The book begins with a personal appeal by Pickles for GPs to consider the importance of observations, followed by eight chapters that cover cases such as "influenza, measles, scarlet fever, whooping-cough, and mumps", as a well as jaundice and myalgia. One story is that of a "gypsy" who accompanied her sick husband into the village in a caravan. Her husband was suffering from typhoid and Pickles was able to trace the source of the disease to a faulty water pump that the wife used to wash her laundry. In the book, he compares the case to the work of one of his heroes, William Budd, who carried out similar observations.

The book also describes an epidemic of catarrhal jaundice that resulted in 250 cases out of a population of almost 6,000, many of which were children. The exact incubation period was not known and ranged from 3 to 40 days. After two years of keeping records and with assistance from the Ministry of Health, Pickles was able to show that the incubation period was 26–35 days. He cross-referenced the evidence with smaller studies in neighbouring villages and in one case was able to trace 13 infections to a single country maid who was determined to attend a fete despite Pickles attending to her in her sickbed the same morning. One of the cases was another young woman and her male friend who, according to his (the man's) sister, often went "in the back door in the evenings, and helps her wash up", causing Pickles to observe that "studies in epidemiology sometimes reveal romances."

==Publication history==
The book was first published by John Wright & Sons of Bristol in 1939. It had a preface by Major Greenwood, professor of epidemiology and vital statistics at the University of London. In April 1941, during the Second World War, the entire stock of the book, unbound sheets and the type were completely destroyed by enemy action but such was the demand for the book that in 1949 it was reissued in virtually identical form.
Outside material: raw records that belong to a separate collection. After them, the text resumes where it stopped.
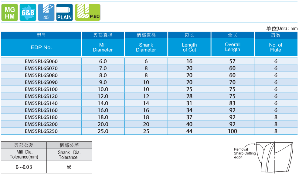 · 設計用于加工高硬度材料 · 高速切削且能以高進給率精銑 · 提高表面光潔度 · 適于干式銑削
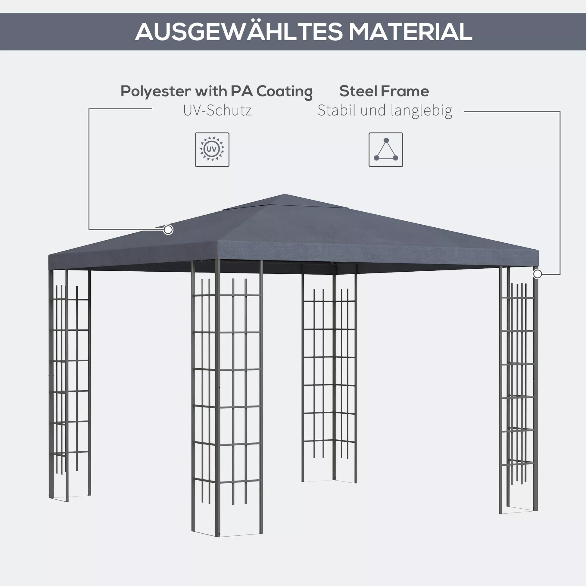 Sodo paviljonas 2,95 x 2,95 m Paviljonas Sodo palapinė Šventės palapinė Party palapinė Plienas Poliesteris Pilkas
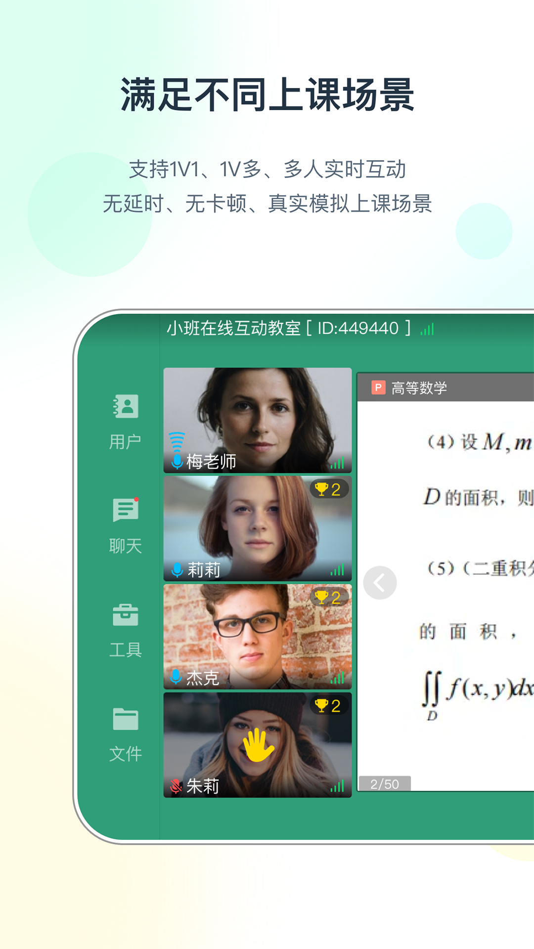 具有一对一、一对六、一对n等多种直播教学模式,可以选择合适的模式进行授课
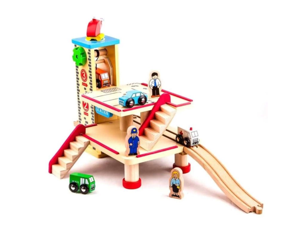 Garáž s výtahem, která zajistí hladké nadzemní parkování v centru velkých měst, kde by jinak auta zabírala velká parkoviště u obchodních, plaveckých, zábavních či sportovních center. Obsahuje: 4 auta, helikopteru a 3 figurky.
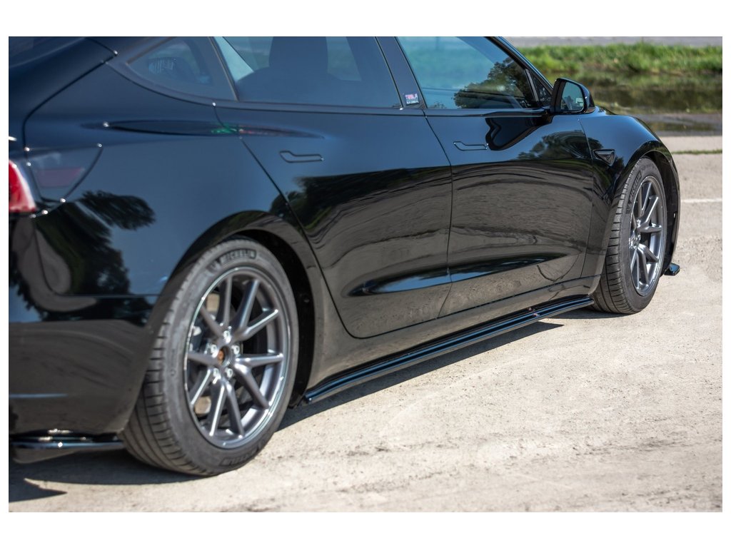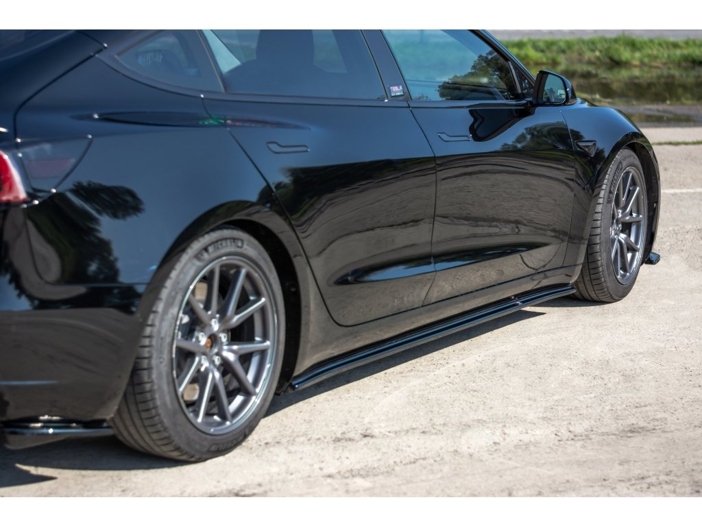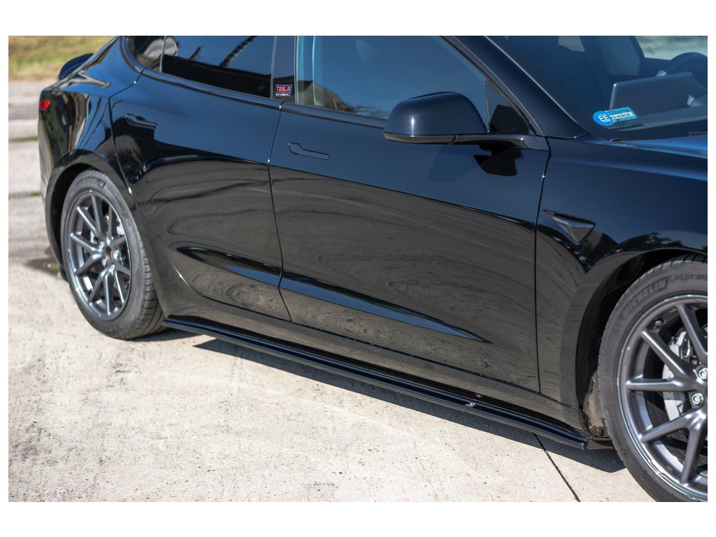 Maxton Design difuzory pod boční prahy pro vozidlo Tesla Model 3 Mk1 . Povrchová úprava spoileru černý lesklý plast ABS.

In 1970, a limited edition was published with profits going to the Royal College of General Practitioners (RCGP) appeal. The book was subsequently reprinted by Devonshire Press of Torquay in 1972 and in later editions by the RCGP (1984: ISBN 0-85084-097-X).

==Reception and legacy==
The book was described by John Horder in 1969 as a "classic", that "makes it all sound too easy and one wonders why no one had thought of it all before". Pickles's obituary in the British Medical Journal in 1969 declared that it had "received excellent notices" and in 2004, J.A. Reid portrayed it as "a seminal book that has been read and assessed during past decades by many public health students and practitioners". Later, RCGP president Denis Pereira Gray described it as "a masterpiece recognised throughout the world" and that practice-based research should be modelled on Pickles's thorough and accurate recording.

The book facilitated the link between research and primary care, resulting in the modern expansion of surveillance practices for improvements in public health. In addition, it revealed that general practitioners could carry out "world class research" in the community.